The development and testing of vaccines against the SARS-CoV-2 virus within the space of a year is a scientific and human success story that we can all take pride in. The UK vaccination programme is widely viewed as a great success. But delve a little deeper and a less reassuring picture emerges of vaccination rates being lower, sometimes much lower, among some ethnic minority groups compared to the general population.
The University of Aberdeen is leading a project called 'Collaboration for change: Promoting vaccine uptake’ that aims to understand why some ethnic minority groups are less likely to accept the offer of a vaccination and to see what strategies may be effective in providing the reassurance needed to increase uptake.

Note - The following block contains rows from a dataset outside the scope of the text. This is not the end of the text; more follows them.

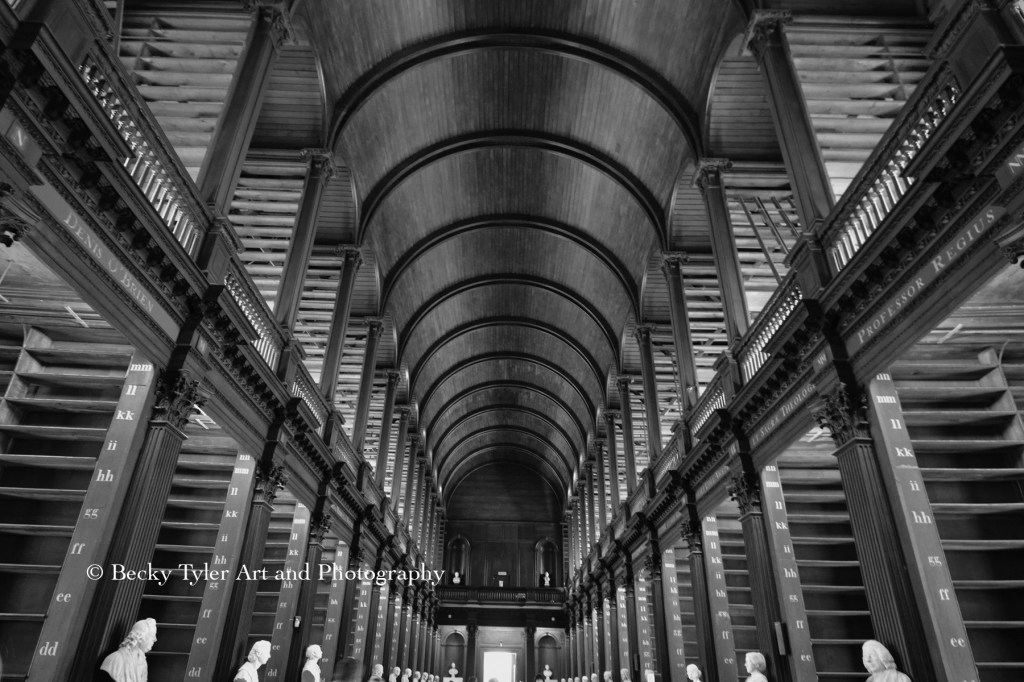 I woke up on Monday feeling jet lagged and maybe a bit hungover, but it didn’t stop me from dragging myself to the city center when I planned on squeezing in as much as possible. I started at Trinity College for the Book of Kells tour. If you’re not familiar, The Book of Kells has been preserved at the college and dates back 1200 years. The writing and illustrations drawn by monks are ornate and easy on the eyes. At the end of the tour, I walked through the library room where Oscar Wilde once studied. The books have been removed for the most part for preservation purposes, the room is beautiful. An inspiring place to study, I’m sure.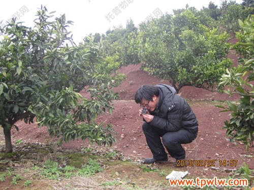 圖為:2013年2月22日,縣植保技術人員在淳安縣界首鄉柑橘觀測區調查病蟲害發生情況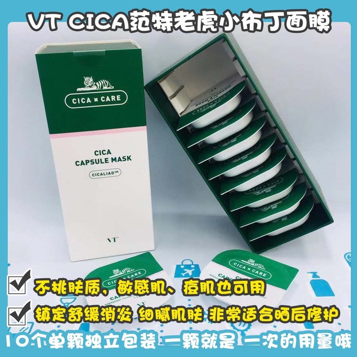 VT CICA范特老虎小布丁面膜 👍每个人必备的“肌肤灭火器🚑”,不挑肤质,敏感肌、痘肌也可✔。主打深层清洁毛孔🍃,镇定舒缓消炎,隐形毛孔,细腻肌肤。非常适合晒后修护☀,痘痘闭口粉刺肌。10个单颗独立包装,一颗就是 一次的用量哦,内含7.5g湿润的泥膜💦,任性涂抹,脸再大都足够用😊!建议油皮一周2次,干皮一周1次。因为是清洁面膜💆,所以不能太频繁使用哦❗
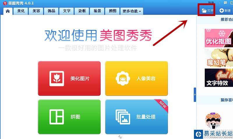 2、在美圖秀秀界面中,點擊打開。出現打開一張圖片選擇框。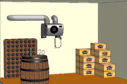 Die Winemaster IN25 ist für die vollständige Klimatisierung eines gut isolierten Weinkellers bis maximal 25 m³ geeignet. Das bedeutet, dass das Gerät 24/7 belüftet, bei Bedarf kühlt oder heizt und die Luftfeuchtigkeit reguliert.
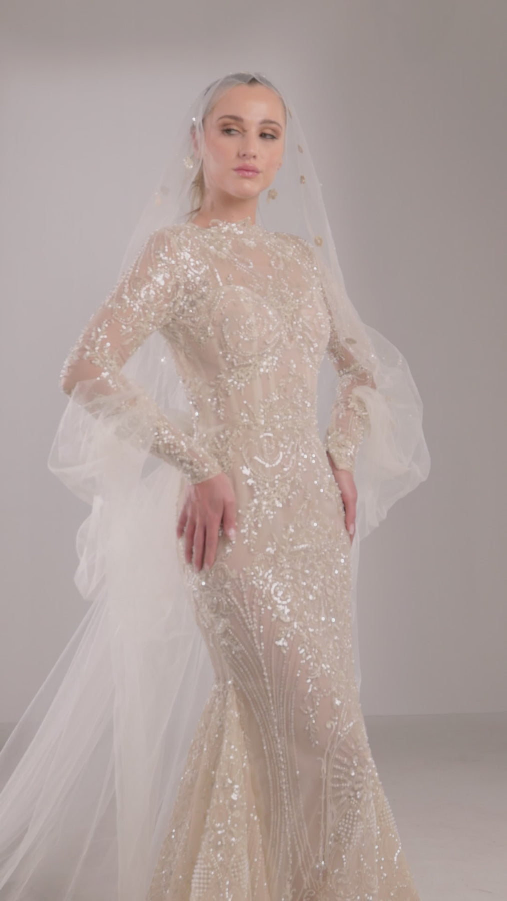 This long-sleeve champagne bridal gown is the epitome of elegance. Its high neckline and fitted silhouette are detailed with delicate threadwork and sparkling beading, giving it a luxurious touch. With a sheer beaded veil included, this dress will make any bride feel like royalty on her special day.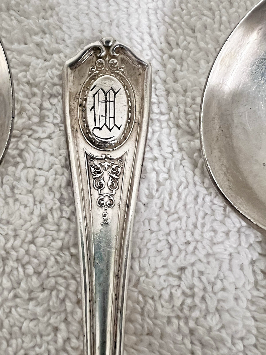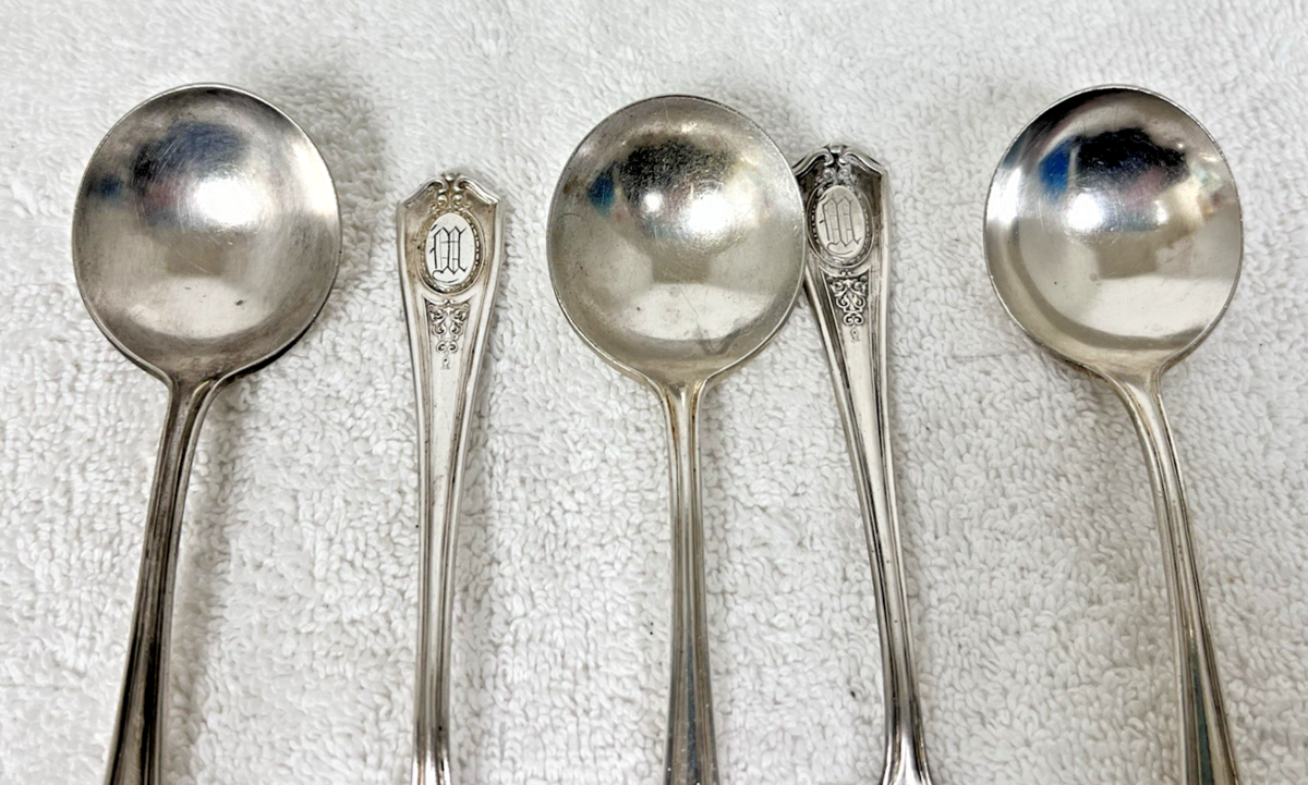 5 Antique circa 1911 Oneida Community Silverplate Louis XVI Flatware Soup Spoons Monogram "M". Each round soup spoon measures approx. long. Has a script "M" monogram on the handle. All are in very good used condition. Some signs of use but no damage, dents, bends. Might need cleaning. See pictures.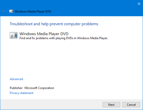 msdt.exe -id WindowsMediaPlayerDVDDiagnostic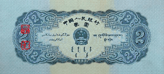 سری دوم اسکناسهای رنمینبی که از سال ۱۹۵۵ رایج شدند نام جمهوری خلق چین را به زبانهای ایغوری و تبتی و مغولی نوشته شده بود. این روش از آن دوره تا به حال ادامه داشتهاست.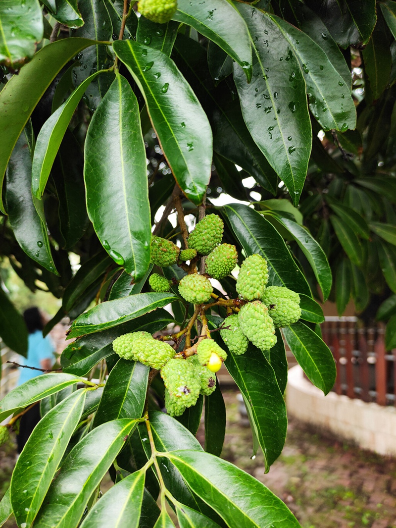 古荔枝樹依然枝葉依然茂盛,枝頭掛滿果實(shí)。

Funded by the Economic and Social Research Council (ESRC), as part of UK Research and Innovation’s rapid response to COVID-19, the project is a collaboration with community organisations that work with ethnic minority communities. Our work will draw on the global literature on attitudes to COVID-19 and other similar vaccines among ethnic minority groups and combine this with the lived-experience of our community partners to develop recommendations for improving the roll-out of the COVID-19 vaccine to ethnic minority groups.
The project has three workpackages:
- Bring together ethnic minority community organisations involved in promoting public health and committed to understanding and improving vaccine uptake.

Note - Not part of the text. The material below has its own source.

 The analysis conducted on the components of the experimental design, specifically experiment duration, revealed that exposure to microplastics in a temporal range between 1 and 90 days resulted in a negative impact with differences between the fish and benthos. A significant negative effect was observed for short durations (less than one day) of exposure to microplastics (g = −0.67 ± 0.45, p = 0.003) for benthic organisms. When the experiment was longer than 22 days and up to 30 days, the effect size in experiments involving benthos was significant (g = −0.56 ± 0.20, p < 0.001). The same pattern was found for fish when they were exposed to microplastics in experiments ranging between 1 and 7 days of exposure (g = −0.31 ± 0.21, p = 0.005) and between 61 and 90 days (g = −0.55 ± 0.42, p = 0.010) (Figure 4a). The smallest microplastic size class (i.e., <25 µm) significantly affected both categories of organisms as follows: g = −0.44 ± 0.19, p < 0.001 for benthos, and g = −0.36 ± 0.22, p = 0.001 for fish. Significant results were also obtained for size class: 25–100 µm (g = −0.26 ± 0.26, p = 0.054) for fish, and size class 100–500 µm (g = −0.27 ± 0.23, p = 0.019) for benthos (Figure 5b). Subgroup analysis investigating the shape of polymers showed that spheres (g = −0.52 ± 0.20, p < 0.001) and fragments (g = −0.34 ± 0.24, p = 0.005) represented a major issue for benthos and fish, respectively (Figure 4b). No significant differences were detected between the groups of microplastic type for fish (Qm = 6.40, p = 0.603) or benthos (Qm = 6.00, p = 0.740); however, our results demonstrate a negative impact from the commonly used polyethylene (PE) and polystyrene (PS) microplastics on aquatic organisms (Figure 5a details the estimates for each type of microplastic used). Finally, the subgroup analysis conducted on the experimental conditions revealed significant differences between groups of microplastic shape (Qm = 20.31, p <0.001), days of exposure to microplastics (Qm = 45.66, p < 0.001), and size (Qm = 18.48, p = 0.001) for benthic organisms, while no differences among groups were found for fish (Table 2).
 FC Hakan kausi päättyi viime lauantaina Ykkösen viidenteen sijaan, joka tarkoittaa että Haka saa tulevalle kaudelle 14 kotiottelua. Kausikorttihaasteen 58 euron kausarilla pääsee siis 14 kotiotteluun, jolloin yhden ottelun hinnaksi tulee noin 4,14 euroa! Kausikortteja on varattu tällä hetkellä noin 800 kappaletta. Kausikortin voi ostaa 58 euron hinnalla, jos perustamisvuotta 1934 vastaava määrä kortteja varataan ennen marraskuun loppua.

- In collaboration with these groups, conduct two rapid systematic reviews of a) evidence on the uptake of COVID-19 and other vaccines among ethnic minority groups and b) strategies to enhance uptake.
- Use these results as the basis of a co-produced, evidence-based report containing recommendations regarding COVID-19 vaccine roll-out to ethnic minority groups, together with a co-developed agenda for future research priorities to tackle vaccine hesitancy.

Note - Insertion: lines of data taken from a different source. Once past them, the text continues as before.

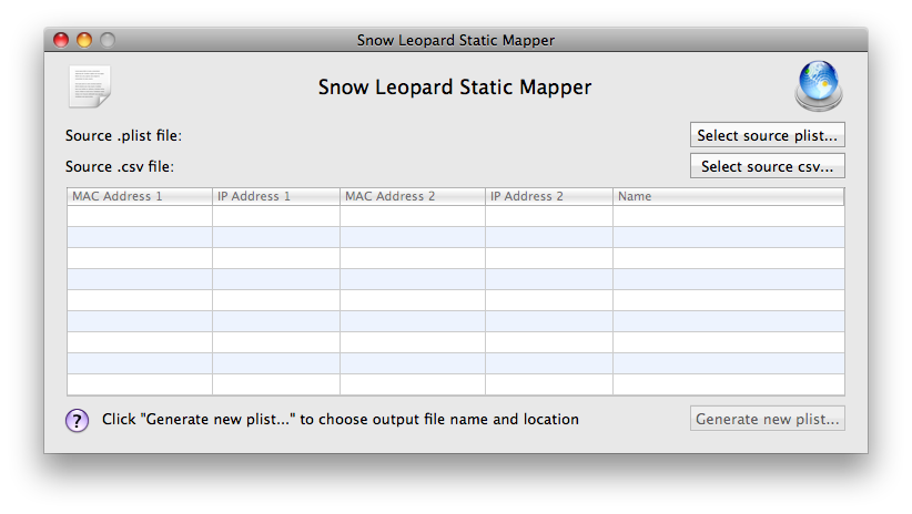 This application was written to be a Snow Leopard compatible replacement for Scott Finney's "Leopard Static Map Importer". The functionality is the same with the only difference being the exported plist is able to be imported into a Snow Leopard server. The code base is my own. Scott had nothing to do with this project nor does this imply any endorsement from Scott as a replacement for his application.
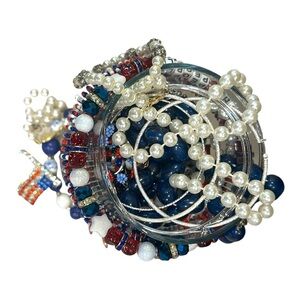 Mystery collection of red, white, and blue beaded jewelry. Includes bracelets and necklaces. Additional crafting pieces odds and ends Perfect for crafting or wearing.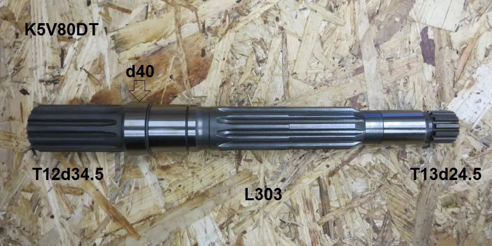 Kawasaki (Кавасаки) K5V80DT запчасти Ведущий вал T12d34.5 L303 T13d24.5 диаметр под мал подшипник 26 мм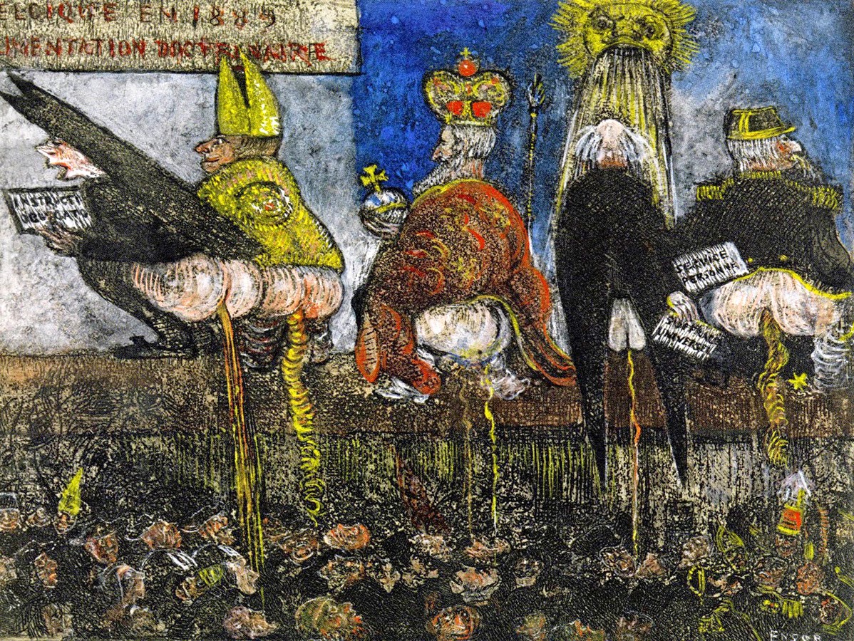 Daar hing een prent van Ensor waar de koning samen met 4 andere hoogwaardigheidsbekleders op het plebs hun hoofden aan het klakken waren. Schitterend gevonden. |

The project is led by Professor Shaun Treweek in the Health Services Research Unit (HSRU): “Vaccine hesitancy is a well-known global phenomenon, but currently it’s a time-critical issue for people at risk of serious illness from COVID-19 who will remain less protected than they could be if they do not feel comfortable accepting the vaccine. The best way to reduce this hesitancy is to work collaboratively with people who best understand these communities.” The Knowledge Synthesis Team at HSRU, led by Dr Miriam Brazzelli, will support the design, conduct and interpretation of the rapid reviews and also involves Dr Moira Cruickshank, Dr Mari Imamura, Paul Manson and Clare Robertson.
The full project team comprises nine ethnic minority community organisations, two consultancies that are working to improve diversity in health research and a linguistic expert from University College London (see Table 1). All are well-placed to better understand why there is greater hesitancy among some ethnic groups and how to best provide the reassurance required for more people to accept the offer of a COVID-19 vaccination
Table 1 The project partners.
|1||University of Aberdeen ()|
|2||Egality Health ()|
|3||COUCH Health ()|
|4||University College London ()|
|5||Caribbean and African Health Network (Manchester; )|
|6||Ethnic Health Forum (Manchester; )|
|7||Social Action for Health (East London; )|
|8||South Asian Health Action (Leicester; https://mychoice.leicester.gov.uk/Services/3350/South-Asian-Health-A)|
|9||Manchester BME Network (Manchester; )|
|10||Rotherham Ethnic Communities Network (Yorkshire; )|
|11||Ipswich and Suffolk Council for Racial Equality (Ipswich and Suffolk; )|
|12||Reach Health (Glasgow; )|
|13||Kanlungan (London; )|
The project started on 17th May 2021 and will run for four months.